5 things I’ve learnt helping startups with Fundraising

By Tom Leigh, Founder of Tommy Popcorn

Fundraising is one of the hardest parts of building a startup. 

You can have the best idea in the world, but without capital, you’re stuck.

I’ve spent the past few years consulting companies on securing investment. From supporting Prograd in their seed raise to closing raises for Arcube and Beauty Shelf, I’m now in the middle of raising funds for my own venture, Tommy Popcorn, which is launching in the US this year.

It’s one thing to advise founders on how to approach investors, structure a round and position their story. It’s another to sit on the other side of the table, pitching your own dream. 

Here are five things I’ve learnt along the way.

1. Investors buy into people as much as numbers

The first deck you ever show might be full of projections, traction slides and market sizing graphs. But time and again, I’ve seen investors make decisions based on their confidence in the founding team. 

And they don’t just want to see smart people in front of them. They want to see drive. I’ve also noticed that startups that bootstrap in the early stages tend to be more appealing as the founders themselves have also taken on risk.

In short: A strong founding narrative, who you are, why you’re doing this, and what makes you one to back, is just as powerful as a polished spreadsheet.

2. Clarity wins over complexity

In finance, there’s a temptation to show every metric possible. But complexity rarely convinces. In fact, too often I’ve seen the vision get lost in the numbers.

The best fundraising decks are simple, clear and defensible. When helping Prograd, for example, I suggested that we strip everything back to three core messages: the size of the problem, their solution, and the path to scale. This led us to successfully pitch to a number of investors, eventually closing the round together.

Now, in fundraising for Tommy Popcorn, I’ve adopted the same approach. Rather than drowning people in data and marketing metrics, we show how popcorn is an overlooked category ready for disruption, with bold products and a brand story that stands out in the US.

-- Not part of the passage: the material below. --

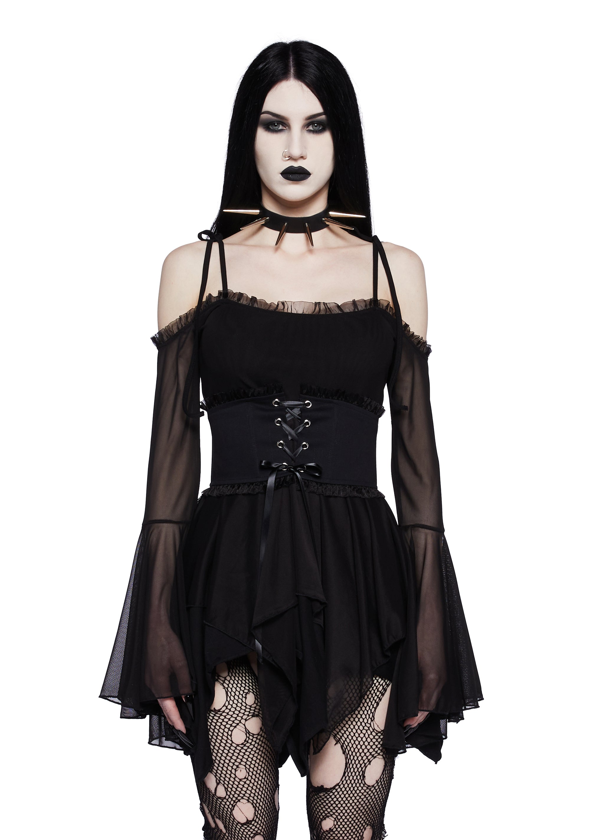 like someone magical. This mini dress comes with off the shoulder mesh sleeves, spaghetti straps with tie closures, a detachable corset with front lace ups and a lace trim, and a handkerchief detail, hem, and cuffs.

3. Traction matters earlier than you think

It’s easy to think you can raise your vision alone. But the bar for early-stage traction keeps rising. 

Even pre-seed investors want proof that people genuinely want your product. That’s something I’ve carried into Tommy Popcorn’s US launch. 

Before speaking to investors, we’d already tested flavours with a number of customers, collected letters of intent from businesses and built a brand identity that had legs. Early validation helps investors see the potential early on.

4. Valuation is a negotiation, not an exact science

Founders often obsess over valuation. In reality, it’s rarely an exact science. A “too high” valuation can scare off later investors, while “too low” can dilute you too much. 

What I’ve learnt is that valuation is less about the numbers and more about who else is backing you, how hot the market feels, and how well you tell your growth story. That traction makes conversations easier because you’re not just selling an idea, you’re showing evidence that it works.

5. Raising money is a full-time job

Founders underestimate the energy that fundraising demands. It’s not just a pitch here or there, it’s weeks of calls, follow-ups, due diligence, and endless repetition of the same story. 

In fact, many of the companies that I helped raise funds for have now employed me to consult them on a regular basis. Managing investors doesn’t just happen when you raise, it’s a part of the business that you need to nurture from the moment the money lands in your account, to the moment you exit. 

When we started raising for Tommy Popcorn, I realised quickly that it required as much discipline and resilience as launching the brand itself. The process is exhausting, but if you get it right, it’s a real launchpad.

Raising funds for your startup

 

Having been on both sides – consulting startups and now raising for my own – I’ve come to see fundraising as more than a financial process. 

 

Yes, it’s about securing capital. But the real prize is building relationships and connections that last. The right investors don’t just provide cash; they provide networks and expertise too.

For Tommy Popcorn, the funds will fuel our US launch. But what excites me more is finding investors who believe in building a snack brand with global growth, one that fuses storytelling, culture, and flavour into something unforgettable. 

That’s ultimately what makes the grind of fundraising worth it, not just the cheque, but the partners who want to be part of the journey.